■ **Requirement**
The answer must restate the listing word for word, without its images.

■ **Source material**
◆ ◆ ◆ ◆ ◆
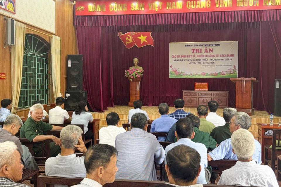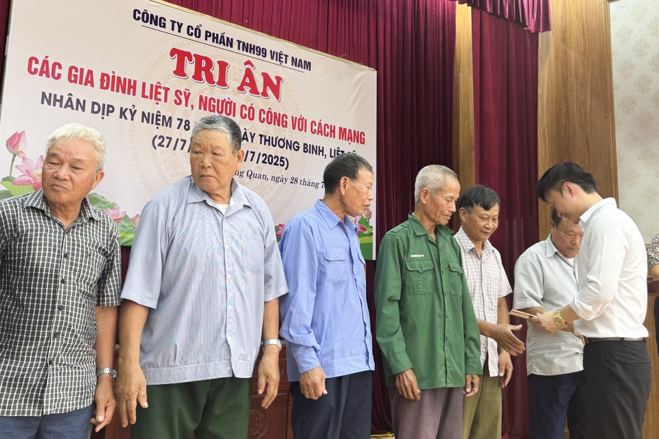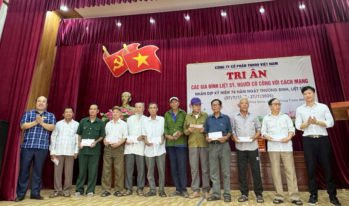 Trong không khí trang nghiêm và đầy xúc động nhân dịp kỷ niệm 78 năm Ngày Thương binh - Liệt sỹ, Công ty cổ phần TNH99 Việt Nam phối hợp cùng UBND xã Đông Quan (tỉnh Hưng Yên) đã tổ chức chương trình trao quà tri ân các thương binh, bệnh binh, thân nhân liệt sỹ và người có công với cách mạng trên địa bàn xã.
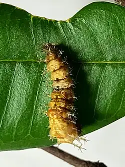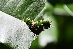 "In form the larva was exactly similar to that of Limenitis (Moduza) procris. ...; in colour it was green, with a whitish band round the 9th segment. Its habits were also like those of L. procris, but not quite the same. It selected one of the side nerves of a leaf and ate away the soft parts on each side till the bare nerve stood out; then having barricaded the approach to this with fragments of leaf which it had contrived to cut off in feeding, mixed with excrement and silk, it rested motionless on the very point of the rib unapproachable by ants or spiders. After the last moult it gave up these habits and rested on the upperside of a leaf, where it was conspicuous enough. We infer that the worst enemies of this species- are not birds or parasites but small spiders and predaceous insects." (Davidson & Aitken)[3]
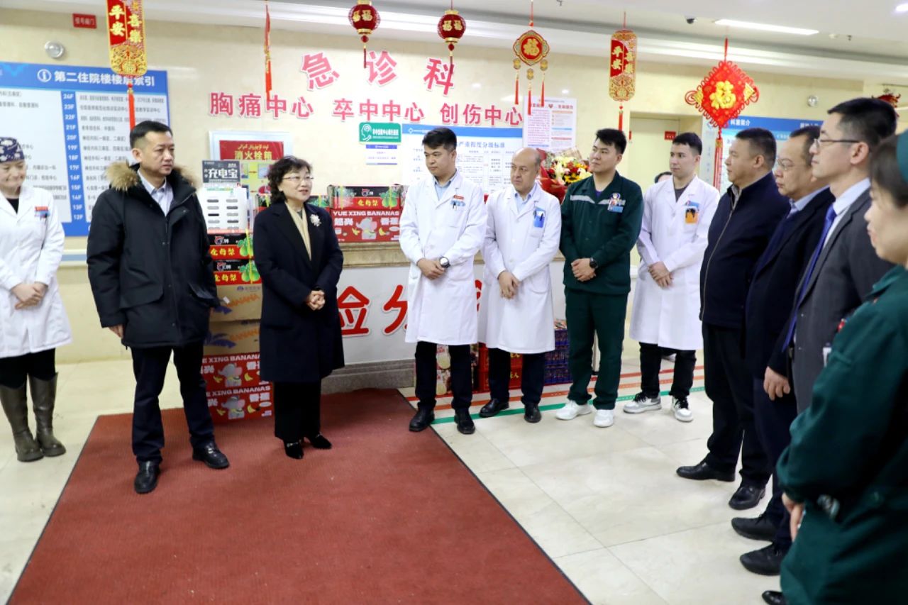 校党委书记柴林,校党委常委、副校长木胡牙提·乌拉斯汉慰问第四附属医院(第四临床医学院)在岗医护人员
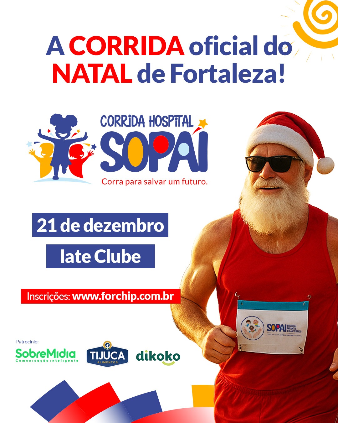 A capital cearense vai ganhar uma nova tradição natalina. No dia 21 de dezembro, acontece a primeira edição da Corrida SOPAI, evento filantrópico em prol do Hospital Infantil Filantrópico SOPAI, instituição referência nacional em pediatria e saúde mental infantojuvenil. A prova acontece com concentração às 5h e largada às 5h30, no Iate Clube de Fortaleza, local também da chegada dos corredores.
◆ ◆ ◆ ◆ ◆
■ **Response to this task**
 Trong không khí trang nghiêm và đầy xúc động nhân dịp kỷ niệm 78 năm Ngày Thương binh - Liệt sỹ, Công ty cổ phần TNH99 Việt Nam phối hợp cùng UBND xã Đông Quan (tỉnh Hưng Yên) đã tổ chức chương trình trao quà tri ân các thương binh, bệnh binh, thân nhân liệt sỹ và người có công với cách mạng trên địa bàn xã.
 "In form the larva was exactly similar to that of Limenitis (Moduza) procris. ...; in colour it was green, with a whitish band round the 9th segment. Its habits were also like those of L. procris, but not quite the same. It selected one of the side nerves of a leaf and ate away the soft parts on each side till the bare nerve stood out; then having barricaded the approach to this with fragments of leaf which it had contrived to cut off in feeding, mixed with excrement and silk, it rested motionless on the very point of the rib unapproachable by ants or spiders. After the last moult it gave up these habits and rested on the upperside of a leaf, where it was conspicuous enough. We infer that the worst enemies of this species- are not birds or parasites but small spiders and predaceous insects." (Davidson & Aitken)[3]
 校党委书记柴林,校党委常委、副校长木胡牙提·乌拉斯汉慰问第四附属医院(第四临床医学院)在岗医护人员
 A capital cearense vai ganhar uma nova tradição natalina. No dia 21 de dezembro, acontece a primeira edição da Corrida SOPAI, evento filantrópico em prol do Hospital Infantil Filantrópico SOPAI, instituição referência nacional em pediatria e saúde mental infantojuvenil. A prova acontece com concentração às 5h e largada às 5h30, no Iate Clube de Fortaleza, local também da chegada dos corredores.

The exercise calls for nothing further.